As a penetration tester, this information gathering technique during the information gathering phase can give insight into the organization's network structure and may reveal the relationships between different servers, such as mail servers and websites.
Read the steps involved in a penetration test in our article: Penetration Testing Steps: A Comprehensive Assessment Guide.
The Transform will run and present you with the IP information in the graph.
Now let’s run another Transform. This time let’s run the “To Snapshots between Dates [Wayback Machine].” This can be extremely helpful when performing a penetration test as it could reveal important information such as past vulnerabilities, changes in security configurations, deprecated or hidden pages, and subdomains.
Right-click on the domain, and in the search bar, search for “wayback” then select “To Snapshots between Dates [Wayback Machine],” and finally click run.
On the next screen, choose the begin and end dates for the search and click Run!
Once the Transform completes, you will be shown the Wayback Machine data found. With this information, you could click on a specific date and open the URL for further information gathering and investigations.
Maltego is an extremely powerful tool and can do so much more than what we’ve shown you here. Using Maltego, you could map out the digital footprint of a target organization, including identifying key employees, emails, social media profiles, or devices.
This information can be used with tools like the Social Engineer Toolkit for information gathering. It can be used to create:
Phishing Campaigns: Information gathered about email addresses and social connections could aid in crafting targeted phishing emails.
Spear Phishing and Social Engineering Attacks: Insights into the relationships between entities might inform more advanced spear-phishing or social engineering attacks.
Let's talk about some Maltego usage best practices. Maltego is a very versatile tool that can do many things, and there are some things you can do to work more effectively and intelligently before and while using it. Our list of recommendations for working with Maltego is provided below.
- Create a Strong Workflow: Understand your goal before you start. Map out what you want to uncover and tailor your search accordingly.
- Use Transforms Wisely: Transforms are queries that fetch you different data types. Learn them well, and use only what's necessary. Too many unnecessary Transforms may clutter your results.
- Secure Your Data: Maltego can pull sensitive information. Make sure you handle it with care.

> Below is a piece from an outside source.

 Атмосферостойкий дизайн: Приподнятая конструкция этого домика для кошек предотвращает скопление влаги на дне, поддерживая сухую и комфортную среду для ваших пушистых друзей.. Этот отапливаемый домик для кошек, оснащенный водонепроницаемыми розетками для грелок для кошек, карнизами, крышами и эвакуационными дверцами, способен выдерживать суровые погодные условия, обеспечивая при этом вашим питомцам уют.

- Stay Up to Date: The digital world and tools like Maltego change rapidly. Regularly update to the latest version to keep up with new features and security enhancements.

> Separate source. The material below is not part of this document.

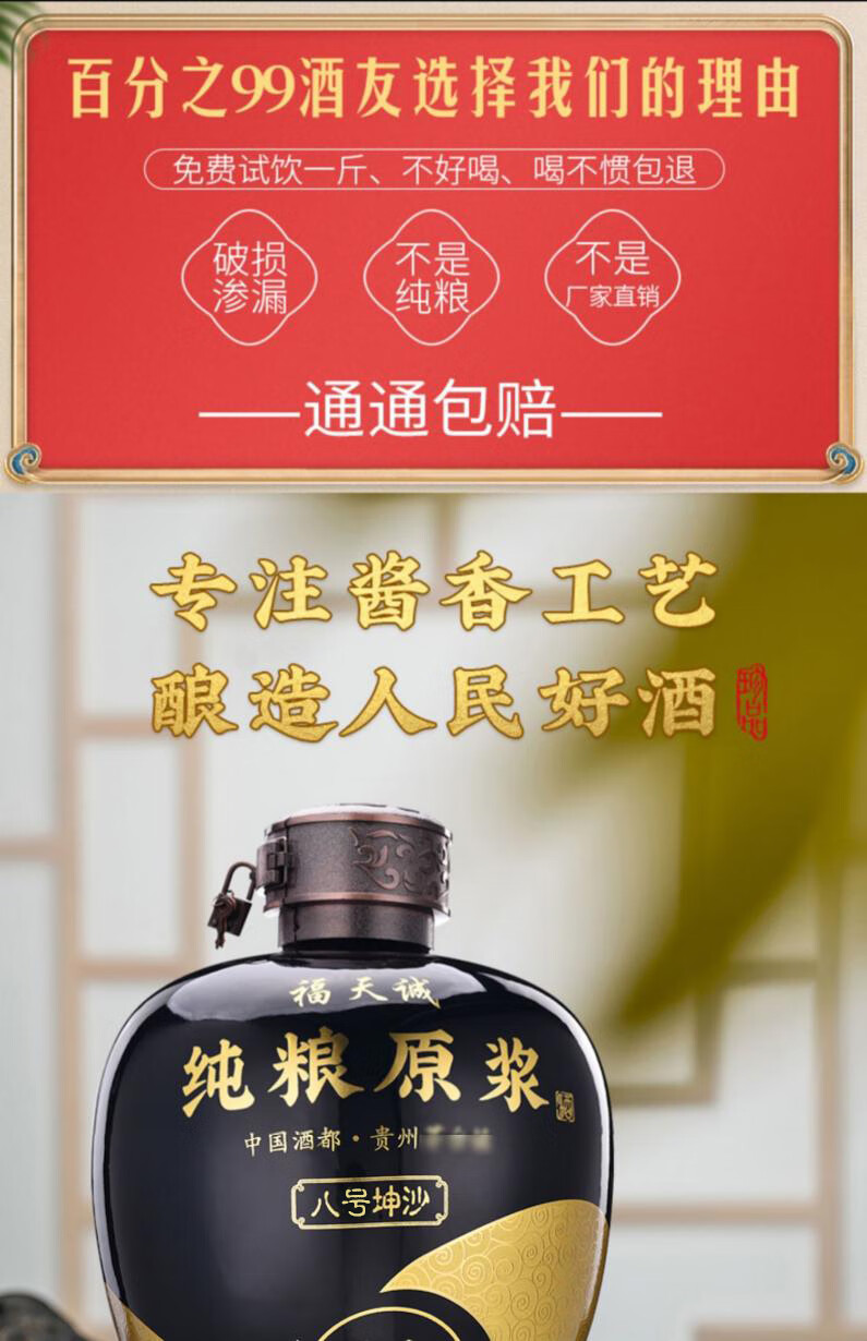 福天诚茅台镇纯粮食酱香型白酒53度十斤大坛高粱酒坤沙酒散装白酒泡酒 53度 5L 1坛 八号坤沙送酒提子

- Use Entities Properly: Entities are the building blocks in Maltego. Use them correctly to represent the data you're working with.

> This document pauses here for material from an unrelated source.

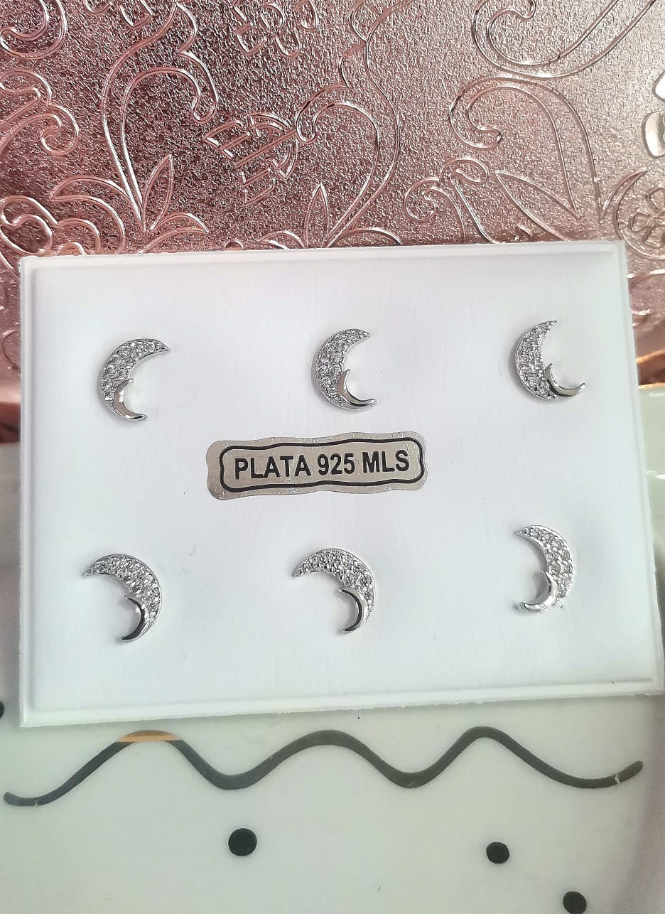 En el interior de cada luna se encuentran incrustados brillantes de circonita, que aportan un destello suave y luminoso sin resultar recargado. Estas circonitas están cuidadosamente engastadas para asegurar una pieza duradera, resistente y con un brillo constante. La combinación de la plata pulida con las circonitas crea un efecto visual muy elegante, ideal para quienes desean pendientes discretos pero con personalidad.

- Use Notes and Bookmarks: You can attach notes to entities, connections and bookmark essential elements. This helps track why something is important or how you discovered it.
- Export and Share with Care: You can export your findings to share with others. But remember, this might include sensitive data, so only share it with those who need it.
As you can see, Maltego is a powerful tool used in penetration testing and other investigations. It provides a graphical representation of your data and enables clear visualization of complex relationships and connections, and aids in the thinking process.
In this article, we began by explaining Maltego and guiding you through its installation process. Next, we demonstrated how to get Maltego up and running, and we introduced you to the main interface. Following that, we dove into initiating an investigation and working with Transforms. Finally, we outlined some best practices to follow when using Maltego.
We've just scratched the surface of what Maltego can do, but you should now understand how to use this tool effectively.